28.05.2003 LEGENDARY CAR BUILDER, RACING DRIVER & INDUSTRIALIST ALEJANDRO DE TOMASO PASSES AWAY
ALEJANDRO DE TOMASO
10TH JULY 1928 - 21ST MAY 2003
Alejandro de Tomaso was born in Buenos Aires on 10 July 1928 to a land-owning family of Italian origin. The Peron régime forced him to leave his native Argentina; young Alejandro escaped to Italy with the desire to become a racing driver. He succeeded, returning to Argentina in 1956 to race a Maserati 150S with Carlos Tomasi in the 1000 km of Buenos Aires. They won their class and finished 5th overall. In 7th place was the Maserati of Carlos Lostalo and Isabelle Haskell, a blonde American from Red Bank, New Jersey. In January 1957, Haskell and de Tomaso shared a 1.5-litre OSCA built by the Maserati brothers in the Buenos Aires race; they finished 6th overall and got married in West Palm Beach, Florida in March the same year. Their partnership continued on the track coming first in class, first in Index of Performance and 8th overall in the 1958 Sebring 12 Hours with a 750cc OSCA. De Tomaso’s racing career continued with an 11th place overall at the 1958 Le Mans 24 Hours, driving with Englishman Colin Davis, and finally ended with an 18th overall finish in partnership with Ricardo Rodriguez at the Sebring 12 Hours in 1960. The de Tomaso family started building their own racing cars from October 1959. Adding mid-engined road cars from 1963, they establishing close links with coachbuilder Ghia and the Ford Motor Company. Around 1967/68 Alejandro de Tomaso, with backing from Henry Ford II, negotiated with the Orsi family to sell their shares in Maserati to the Ford Motor Company. However, Adolfo and Omer Orsi, along with technical director Giulio Alfieri, opted for a merger with Citroën instead. Ford in turn bought De Tomaso Automobili, the Ghia studio and coachbuilder Vignale. Alejandro de Tomaso finally
got hold of Maserati in 1975 after Citroën's new master Peugeot closed
down the Modena factory. The mayor of Modena asked de Tomaso to talk to
Gianni Agnelli to save Maserati, but Fiat – which also owned Lancia and
Ferrari - was also navigating in troubled waters around the same time.
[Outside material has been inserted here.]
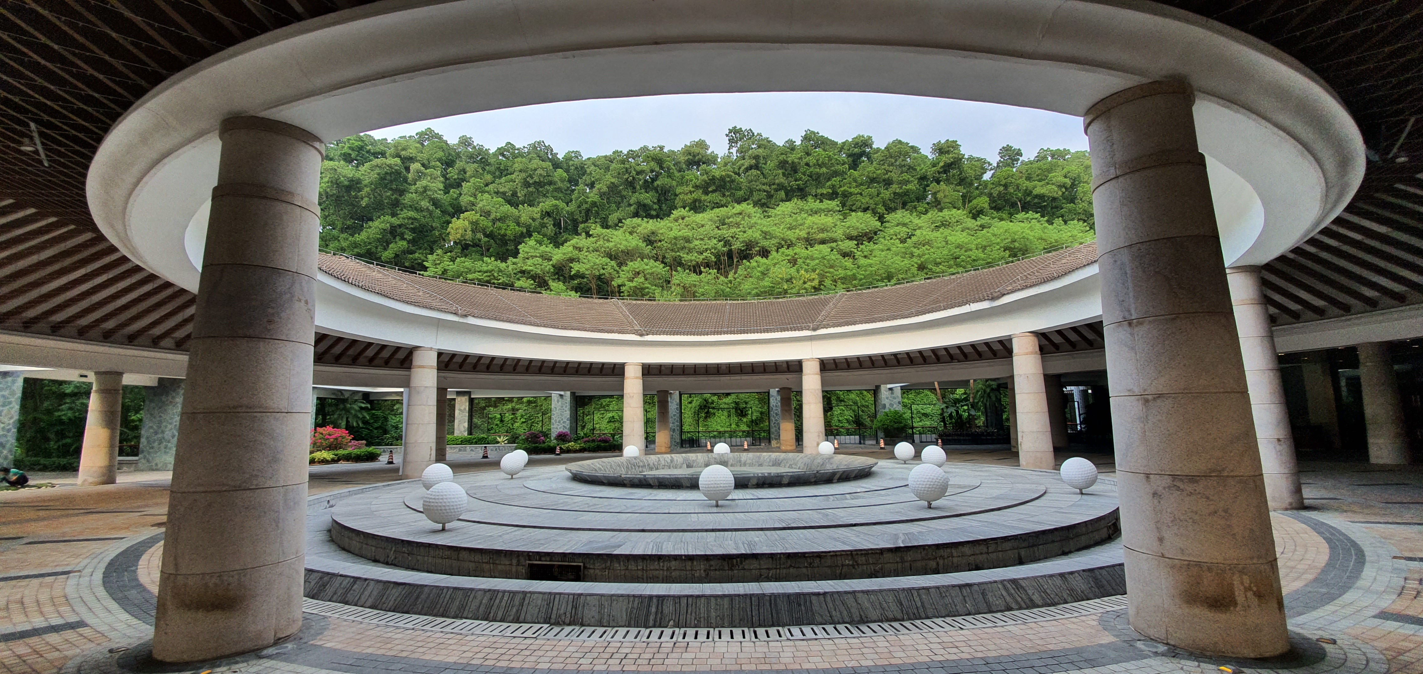심천미션힐스 클럽하우스 입구 - 12개 코스를 디자인한 골프계의 거물들 ( 비제이싱, 닉팔도,잭니클라우스, 오자키.피터다이, 리더베터, 애니카, 올라자발 등 골프 수퍼스타들이 반갑게 맞이 합니다 )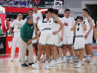 1年生ながらロスター入りした今大会注目の“ツインズ”は、今大会準決勝までの4試合で出場時間5分5秒、無得点だったものの、この日は31点リードで迎えた第4クォーター残り1分23秒に井手口孝コーチから「アタックしてこい」と背中を押され、2人揃ってコートイン。早々に背番号33の聡がファウルを受けてフリースロー2本をきっちり決めると、「ベンチから『耀も決めてこい!」と言われていたので、決めたいという気持ちがありました」という背番号35の耀も、試合時間残り11秒でフリースローを獲得。1本目はリングに嫌われたが、2本目を決めて初得点を飾った。

With financial backing from the government agency, GEPI, de Tomaso took
control of Officine Alfieri Maserati from November 1975. He integrated
production with Innocenti, a small Milan-based car manufacturer, and motor
bike makers Moto Guzzi and Benelli.
The first Maserati conceived under de Tomaso’s management - the Kyalami, a restyled and re-engineered De Tomaso Longchamp - was launched at the Geneva motor show in March 1976, just five months after the takeover. The Italdesign-styled Maserati Quattroporte luxury saloon re-established Maserati in the market around 1980, selling in larger numbers (2,141) than any of Maserati's previous GT cars. Maserati returned to the
2-litre class, where its road car production had started 35 years earlier,
from December 1981 with the Biturbo. The move was dictated by late ‘70s
Italian market conditions, as well as by the Italian government which was
a major shareholder of both Maserati and Innocenti through the GEPI agency,
then headed by Romano Prodi. Highly controversial in its day, the Biturbo
range introduced traditional Italian GT car values and performance to a
far larger clientele, topping with annual production figures in the region
of 5,398 to 6,356 cars between 1983 and '85.